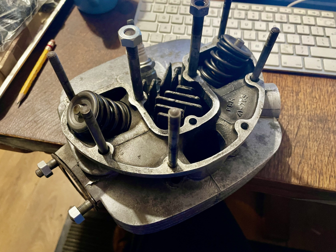 Well working on the BSA B44 engine again got a new inlet valve and top spring collars and ground in the valves ...so cylinder head is ready to refit, the reducing sleeve is now just a tapered sleeve through the carb spacer that should do the job with a smaller carb size.
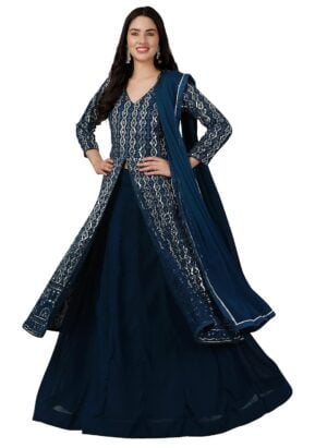 Georgette Embroidery Anarklai Suit Set Kurta Lehen...
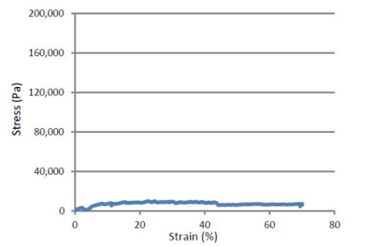 延伸階段以10mm/s的速度將壓頭移動(dòng)到預(yù)估凍干餅高度的5mm以內(nèi);定位階段找到蛋糕的頂部;一旦檢測(cè)到頂部,就會(huì)開始擠壓凍干餅,然后記錄施加在凍干餅上的力。從圖3(左)可以看出,3%葡聚糖顯示出彈性特性,這個(gè)特性由減壓階段從40%應(yīng)變返回到18%應(yīng)變的曲線得到證明。
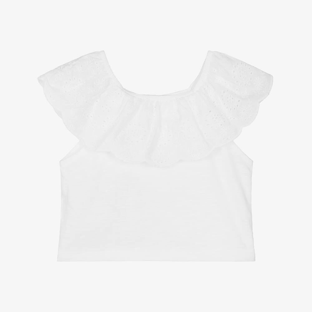 Sweet white summery top for girls by Mayoral, with a lovely, scalloped, broderie anglaise ruffle around the elasticated neckline. To be worn on or off the shoulders, it is made in soft, comfortable, slubbed jersey.
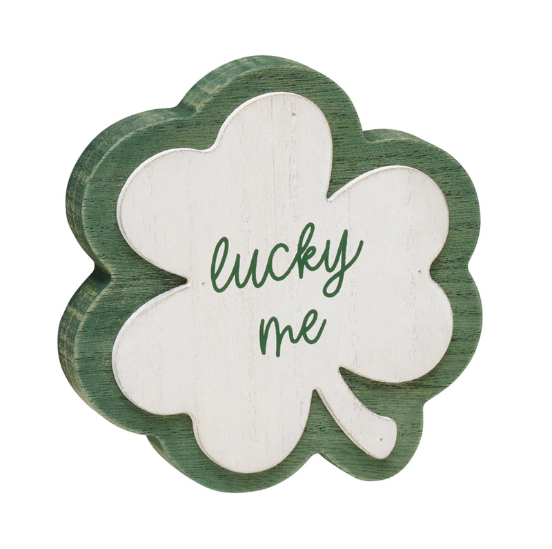 Green Washed Wood Clover Cutout with 3D White Washed Wood Layer and Green Text.
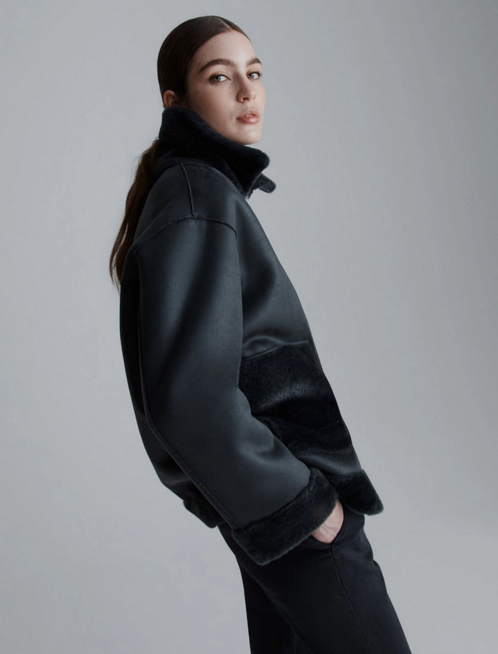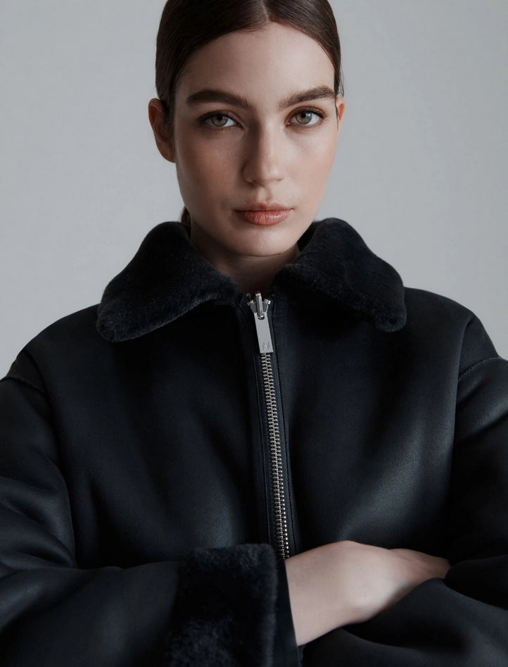 Reversibile per un doppio utilizzo, questa giacca mixa matericità e stile con una linea cocoon che avvolge la silhouette. In jersey dal finish vellutato su un lato e tessuto effetto furry dall'altro, è completata da collo a camicia, chiusura con zip in metallo a doppio cursore, spalla scesa e tasche applicate. Composizione: tessuto esterno 100% poliestere, tessuto interno 100% poliestere (spalmature escluse). Lavaggio: non lavare in acqua, non candeggiare, non asciugare in tamburo, non stirare, lavare a secco delicato con percloroetilene, non lavare ad umido professionale, lavare il capo allacciato. Codice prodotto FRESA 2523456035270004 A25

- REQUIRED WORK: The whole listing above should be restated word for word, minus any images.

- REPLY TO THE TASK:
 Well working on the BSA B44 engine again got a new inlet valve and top spring collars and ground in the valves ...so cylinder head is ready to refit, the reducing sleeve is now just a tapered sleeve through the carb spacer that should do the job with a smaller carb size.
 Georgette Embroidery Anarklai Suit Set Kurta Lehen...
 延伸階段以10mm/s的速度將壓頭移動(dòng)到預(yù)估凍干餅高度的5mm以內(nèi);定位階段找到蛋糕的頂部;一旦檢測(cè)到頂部,就會(huì)開始擠壓凍干餅,然后記錄施加在凍干餅上的力。從圖3(左)可以看出,3%葡聚糖顯示出彈性特性,這個(gè)特性由減壓階段從40%應(yīng)變返回到18%應(yīng)變的曲線得到證明。
 Sweet white summery top for girls by Mayoral, with a lovely, scalloped, broderie anglaise ruffle around the elasticated neckline. To be worn on or off the shoulders, it is made in soft, comfortable, slubbed jersey.
 Green Washed Wood Clover Cutout with 3D White Washed Wood Layer and Green Text.
 Reversibile per un doppio utilizzo, questa giacca mixa matericità e stile con una linea cocoon che avvolge la silhouette. In jersey dal finish vellutato su un lato e tessuto effetto furry dall'altro, è completata da collo a camicia, chiusura con zip in metallo a doppio cursore, spalla scesa e tasche applicate. Composizione: tessuto esterno 100% poliestere, tessuto interno 100% poliestere (spalmature escluse). Lavaggio: non lavare in acqua, non candeggiare, non asciugare in tamburo, non stirare, lavare a secco delicato con percloroetilene, non lavare ad umido professionale, lavare il capo allacciato. Codice prodotto FRESA 2523456035270004 A25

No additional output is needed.